→ RECORDED DATA
# # # # #

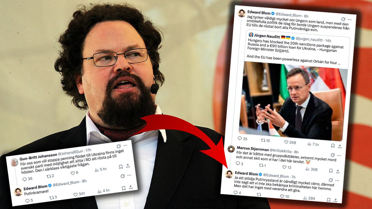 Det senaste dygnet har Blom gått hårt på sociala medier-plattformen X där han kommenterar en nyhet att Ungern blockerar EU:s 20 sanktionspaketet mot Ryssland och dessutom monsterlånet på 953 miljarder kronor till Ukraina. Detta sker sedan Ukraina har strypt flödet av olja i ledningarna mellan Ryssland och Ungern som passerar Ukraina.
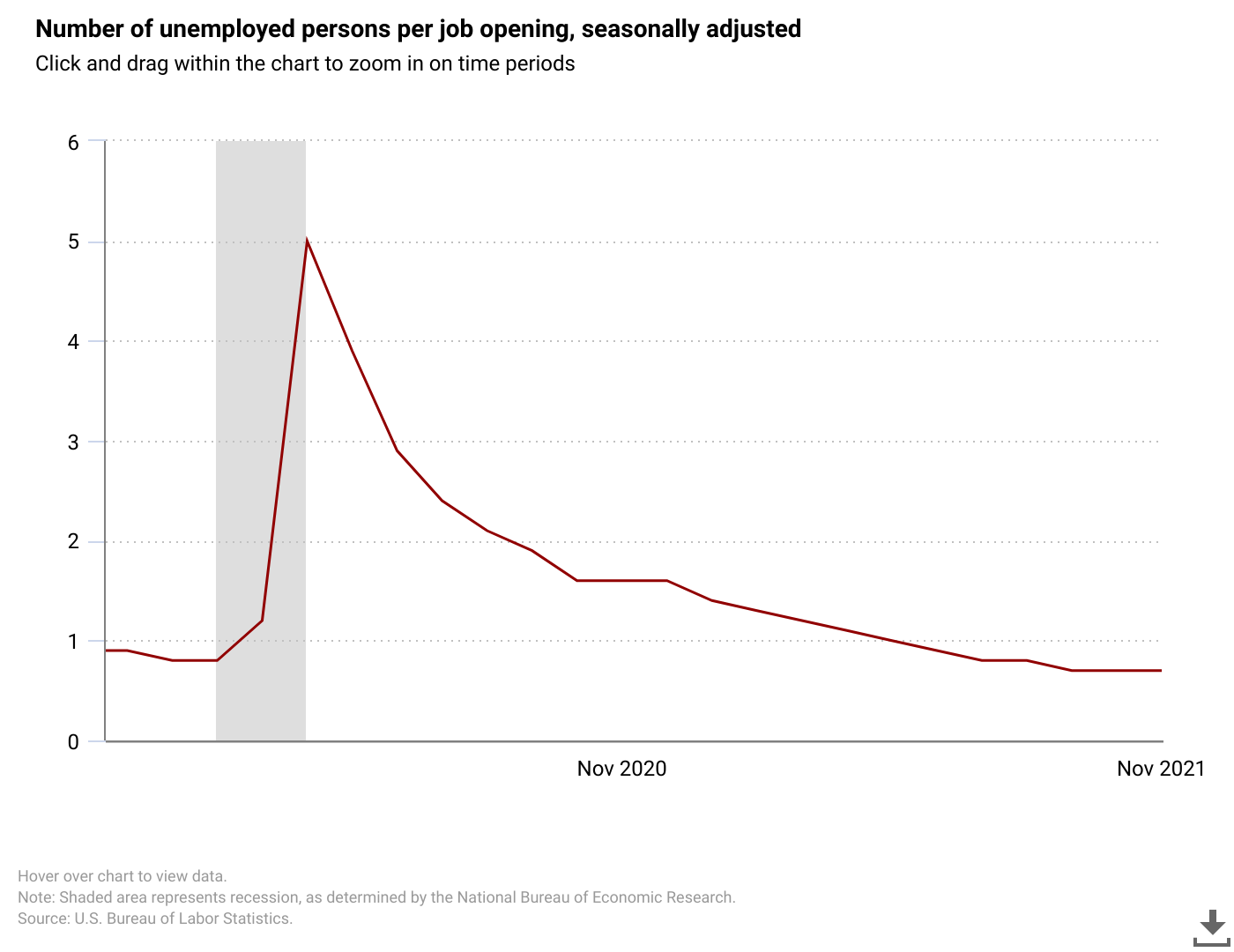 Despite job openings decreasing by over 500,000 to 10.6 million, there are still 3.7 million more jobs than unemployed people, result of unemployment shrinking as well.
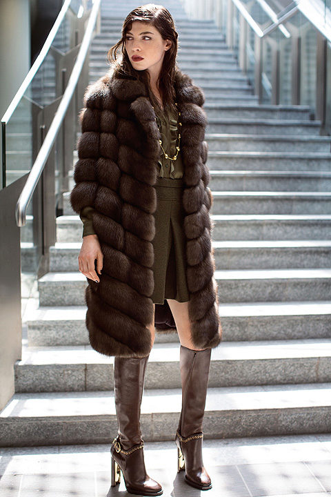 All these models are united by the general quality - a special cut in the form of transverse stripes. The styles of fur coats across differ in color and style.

# # # # #

→ PROBLEM DESCRIPTION
Print out the complete listing above exactly, dropping each image.

→ FINISHED TASK
 Det senaste dygnet har Blom gått hårt på sociala medier-plattformen X där han kommenterar en nyhet att Ungern blockerar EU:s 20 sanktionspaketet mot Ryssland och dessutom monsterlånet på 953 miljarder kronor till Ukraina. Detta sker sedan Ukraina har strypt flödet av olja i ledningarna mellan Ryssland och Ungern som passerar Ukraina.
 Despite job openings decreasing by over 500,000 to 10.6 million, there are still 3.7 million more jobs than unemployed people, result of unemployment shrinking as well.
 All these models are united by the general quality - a special cut in the form of transverse stripes. The styles of fur coats across differ in color and style.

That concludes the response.